Pour la Famille – Ep 1

Football, Stories

 

Tony Vairelles

Pour Tony Vairelles, les deux choses les plus importantes dans sa vie sont la famille et le football. Dans cet ordre.

J’ai joué en équipe de France, oui. J’ai des origines Gitanes, oui. Si je suis le premier, je ne sais pas. Il y en a certainement eu avant.

Je n’ai jamais eu peur de mes origines, ce que je représentais ou de la vie que je menais. Je n’avais pas besoin d’être Gitan ou de vivre en caravane pour décider de vivre avec mes parents. Quand je suis parti de Nancy à Lens, j’ai pris mon petit frère avec moi. Je le considérais pratiquement comme mon fils car on a vingt ans d’écart. Quelque part c’est comme si je partais sans mes enfants. Mon petit frère dormait avec moi. Comme j’étais célibataire, je l’emmenais partout. A l’arbre de Noël du club, je lui ai payé le cadeau car il était offert aux enfants des joueurs et pas à leur petit frère (sourire). J’avais demandé au club s’il était possible de payer le cadeau et de le glisser sous le sapin avec tous les cadeaux.
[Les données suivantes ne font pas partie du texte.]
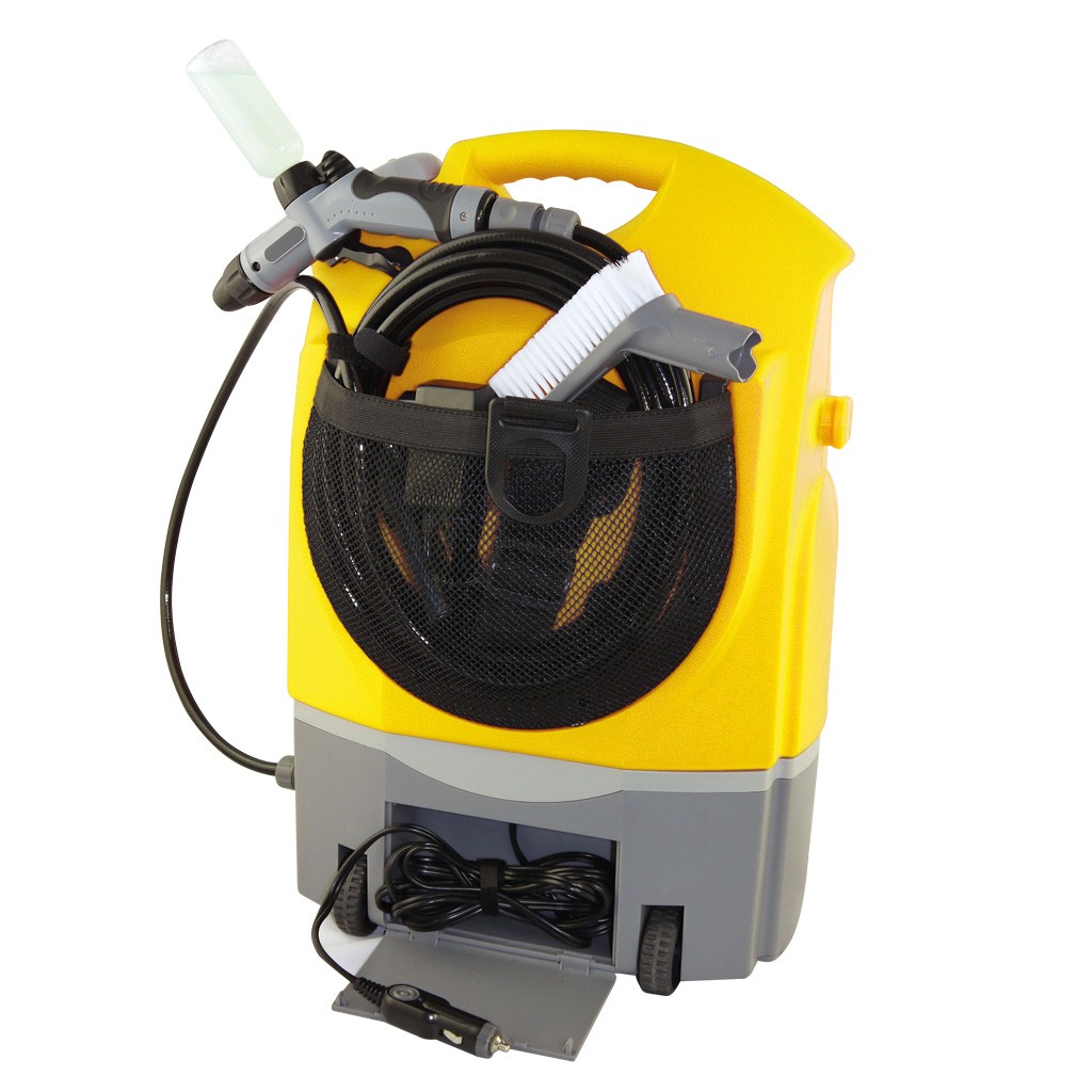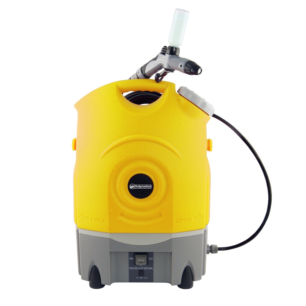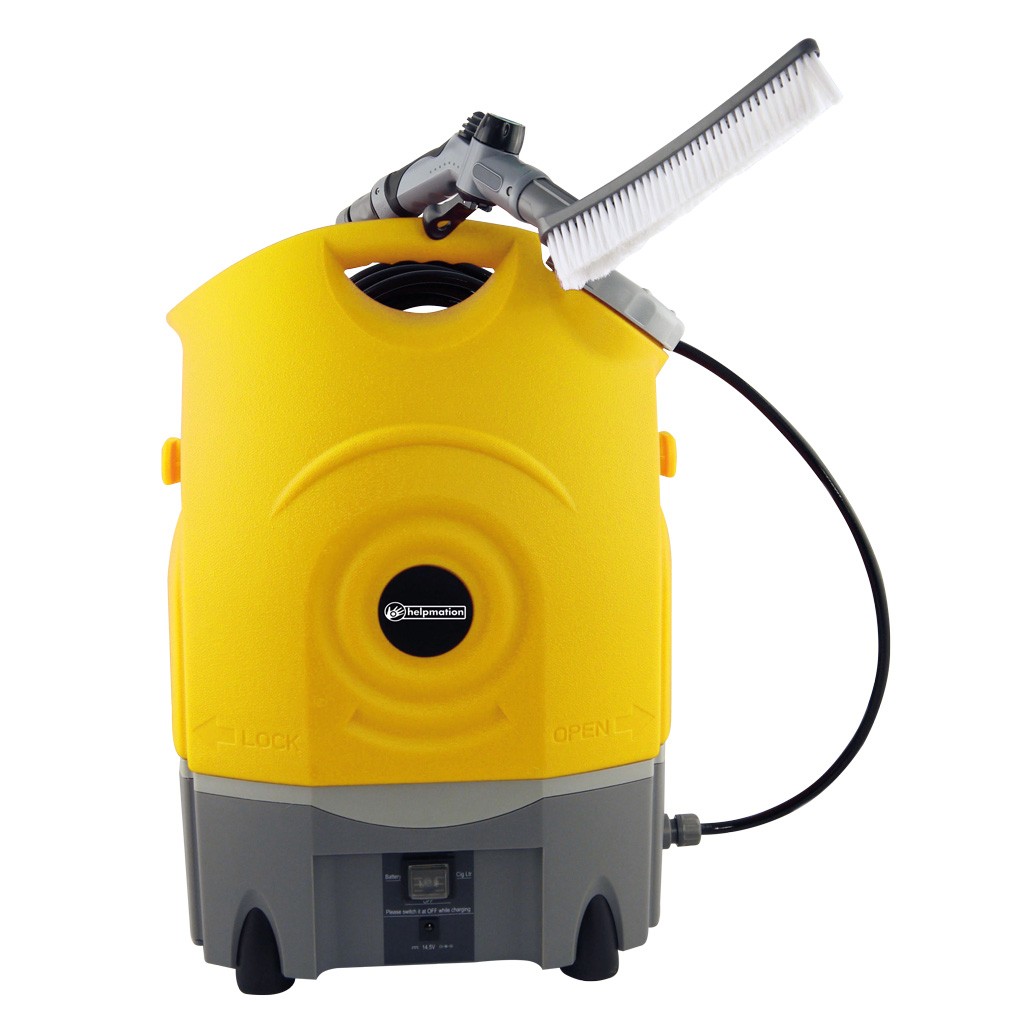 Nádrž má objem 17 litrů a můžete ji naplnit studenou nebo horkou vodou až 60°C. Pomocná kolečka a popruh přes rameno usnadňují manipulaci a přenášení. Součástí balení je tlaková pistole s regulací proudu vody a zásobníkem na saponát, speciální kartáč a sprchová hlavice. Přenosná myčka Helpmation je lehká, kompaktní a pracuje nezávisle na zdroji elektřiny a nepotřebuje hadici s přívodem vody. Používat ji můžete na baterii nebo zapojenou do zásuvky autozapalovače. Helpmation nabízí svým uživatelům naprostou nezávislost mytí kdykoliv a kdekoliv potřebují.
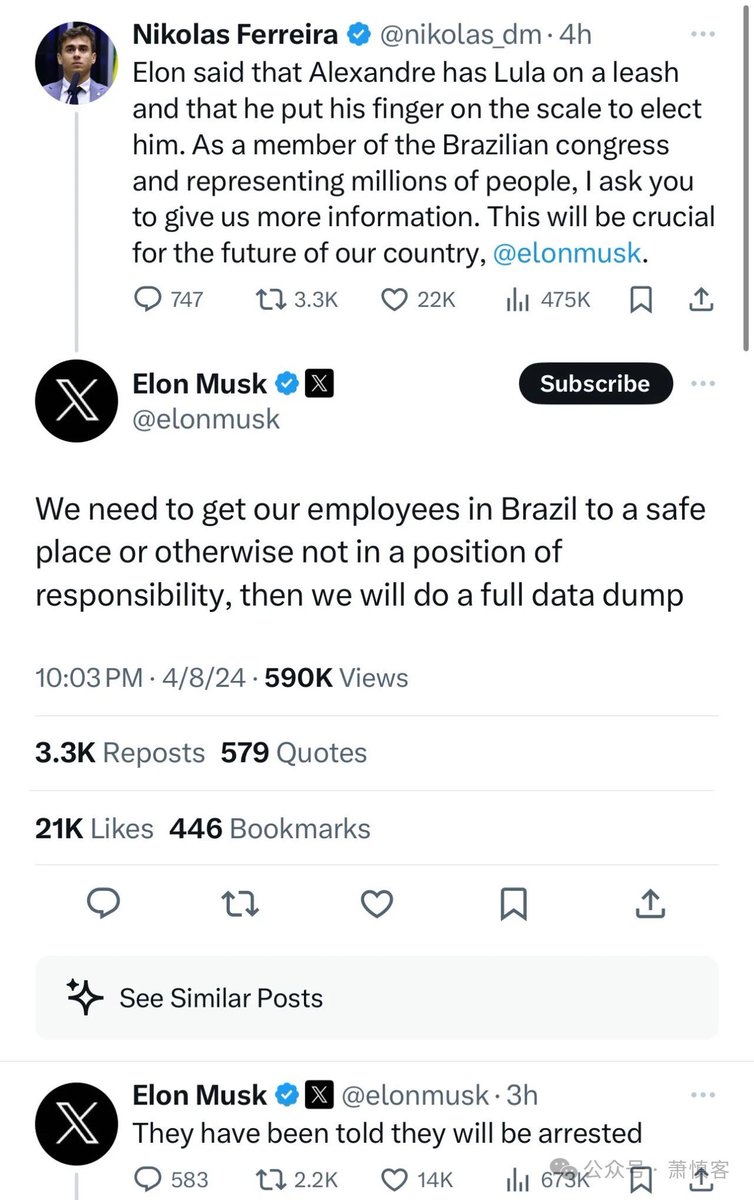 马斯克警示,由于巴西领导层继续攻击言论自由,X公司在巴西的员工拒绝向巴西政府解密部分敏感账户内容等,已被告知他们将被逮捕。

Mes deux derniers petits frères étaient comme mes fils. Je les emmenais partout et donc quand je suis parti à Lens c’était vraiment comme partir sans mes enfants.

Crédit Photo / Archives personnelles de Tony Vairelles

Mon père avait un boulot qui commençait à ne plus trop lui plaire. Je lui ai donc demandé s’il voulait partir. Les choses se sont faites d’un commun accord. Ils étaient bien contents de me suivre et moi aussi. Comme je n’avais pas de femme à l’époque ce qui rendait la chose plus simple aussi. C’est sans doute cela qui a fait qu’on a dit : « à bah oui, il est Gitan ».

Le “Clan”, je n’aime pas trop ce mot : clan. Souvent il est mal utilisé. On est unis, on est solidaires. Oui. Après cela ne veut pas dire que le clan est fermé.

Quand on s’est engagé dans le club de Gueugnon1, au moment de sa relégation en National, mon père a repris la présidence car le président de l’époque avait démissionné. Mes petits frères sont venus. Mon cousin était déjà là. Il avait signé avant même la reprise. L’entraîneur de l’équipe l’avait même nommé capitaine avant que je le devienne. Il ne devrait pas y avoir d’ambiguïté concernant mon cousin puisqu’il a été recruté avant la reprise du club.

Pour l’anecdote, si je l’avais recruté, il n’aurait pas touché le salaire qu’il a eu (rires). Déjà d’une, il ne m’aurait pas demandé ça et de deux, je ne lui aurais pas donné (rires).

Après c’était un des meilleurs joueurs qu’on avait cette année-là. Il n’y avait pas de discussion sur le terrain. Il était déjà largement au-dessus en L2. Et il prouvait sur le terrain tous les jours qu’il était largement au-dessus. Deux petits frères, c’est vrai que je les ai emmenés. Mais au rapport qualité –prix, on était bien. Mes deux frères et moi gagnions, à nous trois, un peu plus que la moitié du salaire de mon cousin ou de l’attaquant qui jouait devant avec moi. Et franchement, j’aurais pu me donner un salaire un peu plus conséquent si je l’avais voulu.

Je savais que mes frangins seraient à fond dans le projet avec moi et que je pouvais compter sur eux. Et qu’ils pourraient aussi me relayer sur le terrain. Et au départ, j’ai même mis un de mes frères en Division d’Honneur parce que je savais qu’il n’avait pas encore le niveau pour la National. Et l’autre avait 17 ans quand il est arrivé. Il avait vocation à être remplaçant dans un premier temps. Je savais qu’il avait beaucoup de qualités. Et certains entraîneurs de L2 ont reconnus qu’il avait des qualités. Après c’est devenu dans la tête des gens : tout le clan Vairelles.

 

On parle de ma famille mais en général vers qui tu te tournes quand ça va mal ? Qui te soutient quand tu en as besoin ? Quand tu vas dans les clubs amateurs, bien souvent ceux qui viennent donner les coups ce sont les parents des gamins qui jouent. Malheureusement des bénévoles, il y en a de moins en moins. Cela devient vraiment difficile d’en trouver s’ils n’ont pas un intérêt comme celui d’avoir un enfant dans le club. Comme quoi cela n’a rien à voir avec une logique de clan.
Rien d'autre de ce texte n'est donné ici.